Note: On 21 December 1998, Cimb Bank Berhad (Lender) granted a banking facility (First Facility) comprising a letter of credit/trust receipt facility of RM 2,000,000 to Ausmal Meat (M) Sdn. Bhd. (Borrower). The facility was secured by a guarantee issued by Norlia Binti Mohd Yusof (Guarantor). Lender granted a separate banking facility to Guarantor (Second Facility) on 29 January 1999. On 28 June 2001, Lender obtained a replacement guarantor for the First Facility.

Borrower later experienced financial difficulties and was wound up on 25 January 2005. Guarantor failed to pay Lender under the First Facility's guarantee, and Lender sued Guarantor for wrongful dishonor. The High Court (Kuala Lumpur), Hashim, J., granted Lender's application for summary judgment.

Guarantor argued that the statute of limitations on Lender's action had passed in 2007, six years after the banking facilities had expired.

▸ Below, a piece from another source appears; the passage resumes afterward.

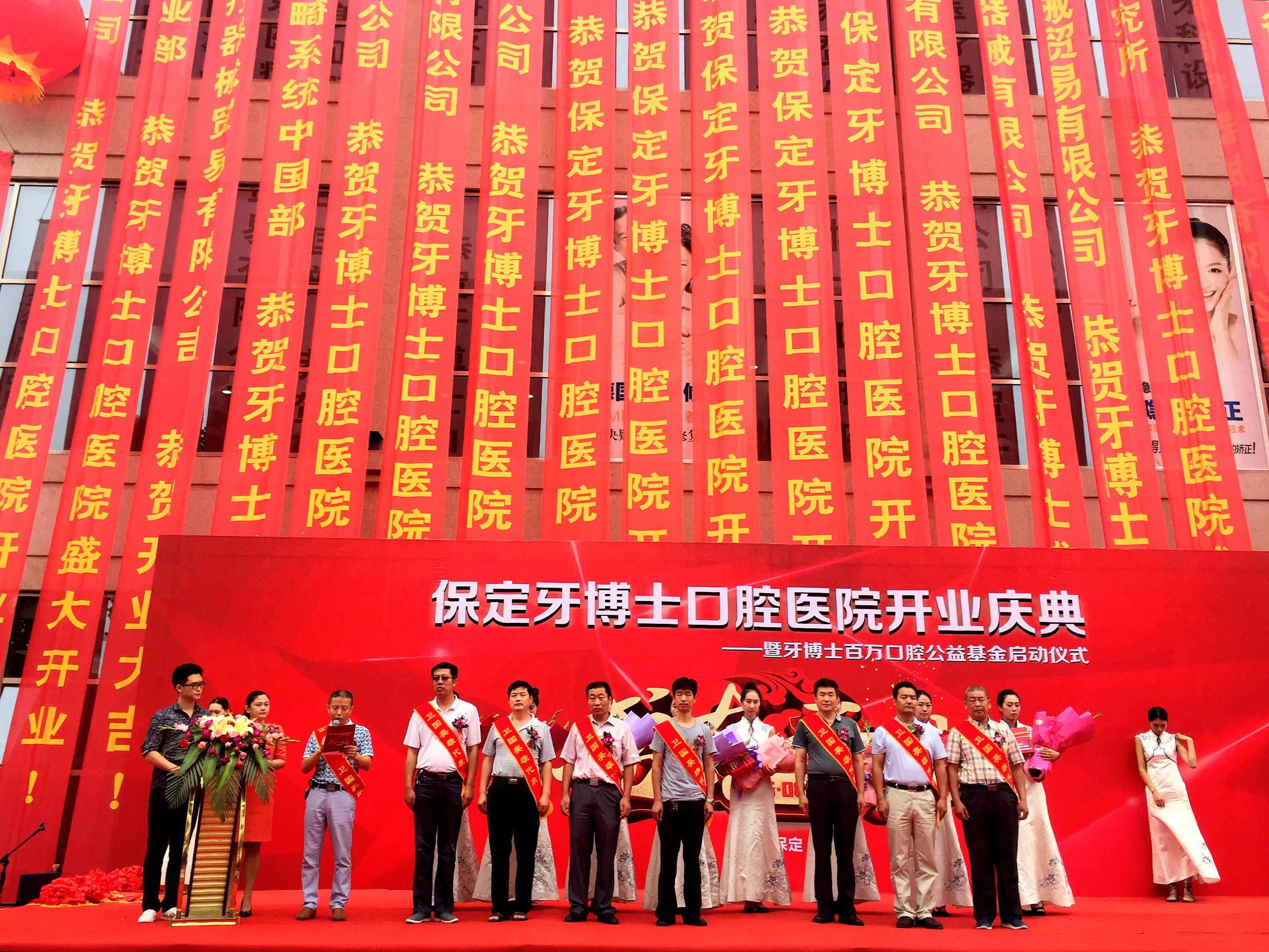 2016年8月,保定牙博士口腔醫(yī)院開(kāi)業(yè),并舉行“紅色八月,全市尋找百名衛(wèi)國(guó)英雄”公益活動(dòng),為每位衛(wèi)國(guó)英雄送上價(jià)值2000元口腔基金及節(jié)日禮物。

Lender contended that Guarantor was liable not only as a guarantor but also as principal debtor under the Second Facility. The High Court held that Lender's claim was not time-barred because under Malayan common law, the Statute of Limitations for Lender's claim against Guarantor only started to run after Lender demanded payment. Guarantor then argued that she was no longer bound by her guarantee in the First Facility because she had been replaced as guarantor. The Judge rejected that argument, noting that Guarantor had failed to provide documentary proof to show that Borrower had signed and accepted Lender's 28 June 2001 Letter of Offer for the replacement.

Lastly, Guarantor argued that that she was no longer liable because Lender had failed to exhibit any statements of accounts to enable her how Lender had calculated the amount due, and because Borrower had already been wound up. The Judge disagreed, finding that the Certificate of Indebtedness from Borrower's wind up was conclusive evidence of indebtedness, and noting that a guarantor remains liable for the entire outstanding due, even though a borrower has been wound up.

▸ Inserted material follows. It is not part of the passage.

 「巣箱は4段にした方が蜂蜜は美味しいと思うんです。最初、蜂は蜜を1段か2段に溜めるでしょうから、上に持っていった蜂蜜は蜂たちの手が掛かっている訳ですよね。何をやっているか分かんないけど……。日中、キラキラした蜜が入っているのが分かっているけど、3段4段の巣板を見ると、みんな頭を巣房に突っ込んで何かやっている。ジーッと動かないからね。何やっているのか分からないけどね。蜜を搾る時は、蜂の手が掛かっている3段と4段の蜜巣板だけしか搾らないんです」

The Opinion contained the following clauses from the guarantee:

Clause 1.1: "The Guarantor/Guarantors hereby unconditionally and irrevocably, guarantee as principal debtor(s), jointly and severally, and not merely as surety(ies) to pay and satisfy the Bank on demand . . .".

Clause 2(a): ". . . the Bank shall be at liberty to ac as though to Guarantor/Guarantors was/were the principal debtor(s) for all sums guaranteed by the Guarantor/Guarantors as aforesaid".

Clause 2(m): "That all sums of monies not recovered or recoverable from the Guarantor/ Guarantors or any of the Guarantor/Guarantors for any reason whatsoever under this Guarantee and Indemnity shall nevertheless be recoverable from the Guarantor/Guarantors or any of the Guarantor/Guarantors as principal debtor(s) . . .".

Clause 2(o): "That a written statement from the Bank as to the amount due and owing by the Borrower shall be accepted by the Guarantor/Guarantors as conclusive evidence that the amount thereby appearing is due from the Borrower(s) to the Bank and payable to the Bank by the Guarantor/Guarantors".



The views expressed in this Case Summary are those of the Institute of International Banking Law and Practice and not necessarily those of ICC or the other partners in DC-PRO.